When we reanalyzed the data restricted to participants who reported no use of any vitamin supplements at the baseline survey (excluded 793 deaths in men and 1207 deaths in women), results were similar to those of the main analyses. Exclusion of deaths that occurred within the first 3 years of follow-up (including 1046 deaths in men and 731 deaths in women) did not substantially change the findings. Moreover, we observed similar patterns after excluding participants with a prior history of diabetes, stroke, or coronary heart disease (including 1418 deaths in men and 2094 deaths in women). We additionally adjusted for other dietary constituents (such as dietary fiber, monounsaturated fatty acid, and polyunsaturated fatty acid), with little effect on our main findings. Results of sensitivity analyses are provided in eTable 4.
4. Discussion
In the present study, using data from two population-based prospective cohorts of 134,358 middle-aged and elderly Chinese adults in urban Shanghai, we assessed the associations of dietary antioxidant vitamin intakes and risk of mortality from all causes, cancer, and CVD. We found that total carotene and vitamin C intake were inversely associated with all-cause and CVD mortality in both men and women, but no significant association was seen for cancer mortality.
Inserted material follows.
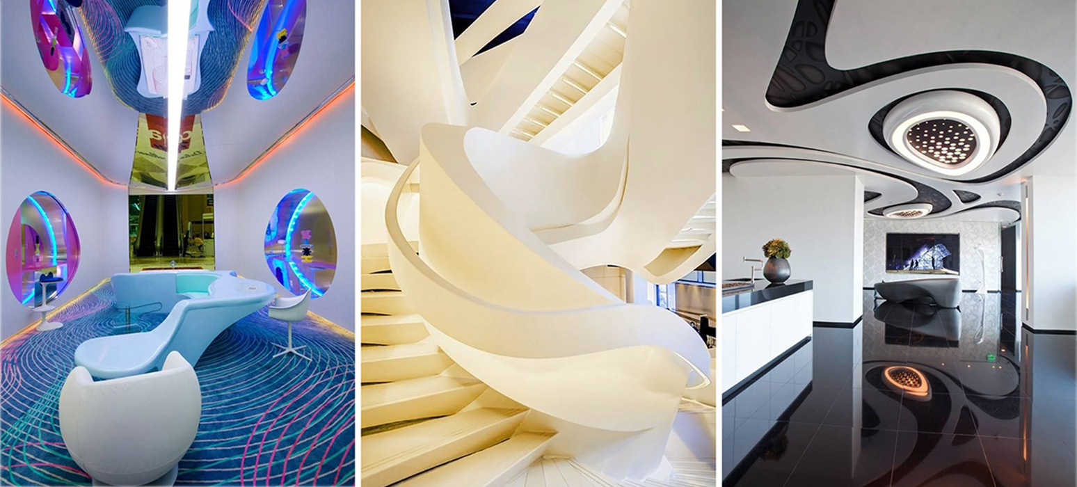 • Гармоничное сочетание фактур и цветов, свойственное живой природе: соты, камни, спирали, наутилусы, лотосы, деревья, поверхности, имитирующие водную гладь, водопады, облака и небесные светила.

Dietary vitamin E intake was not associated with risk of mortality. Similar association patterns were observed in subgroup and sensitivity analyses.
The results for dietary vitamin C intake in the present study were consistent in direction and magnitude with those from other cohort studies conducted in Europe12, 22, 23 or the United States.24, 25, 26 However, some studies have reported null associations between vitamin C and total mortality.7, 8, 9, 13, 27 The inverse association between vitamin C and CVD mortality was in accordance with a previous study performed in Japan.10 For cancer mortality, we confirmed the null association between dietary vitamin C and cancer mortality reported in previous studies.7, 13, 26, 28
For dietary total carotene, three prospective studies found that total carotene was associated with all-cause mortality, with a reduction of 10–30%.12, 22, 28 The protective effect was mainly driven by reductions in CVD mortality11 rather than cancer mortality.7, 13
We observed a favorable effect of dietary vitamin E on all-cause mortality in women (model 2). However, when we additionally adjusted dietary vitamin C and carotene intake, the benefits disappeared. Dietary vitamin C or carotene intake may confound the mortality-vitamin E association. The null association was consistent with most of the previous studies,7, 9, 12, 22, 27, 28 with the exception of one study that reported a slight inverse association.23, 27
Inconsistencies between the results of our studies and those of previous studies may be partly explained by baseline nutritional status. Of all the studies exploring the associations of dietary antioxidant vitamins with risk of mortality, only one study was conducted in Asia.10 Some studies conducted in the United States or Europe contended that the lack of association between vitamin intake and mortality was due to the fact that the population was well-fed.8, 27 In our cohort, less than five percent of participants were below recommended nutritional intakes. Therefore, additional vitamin E intake may have no beneficial health effects.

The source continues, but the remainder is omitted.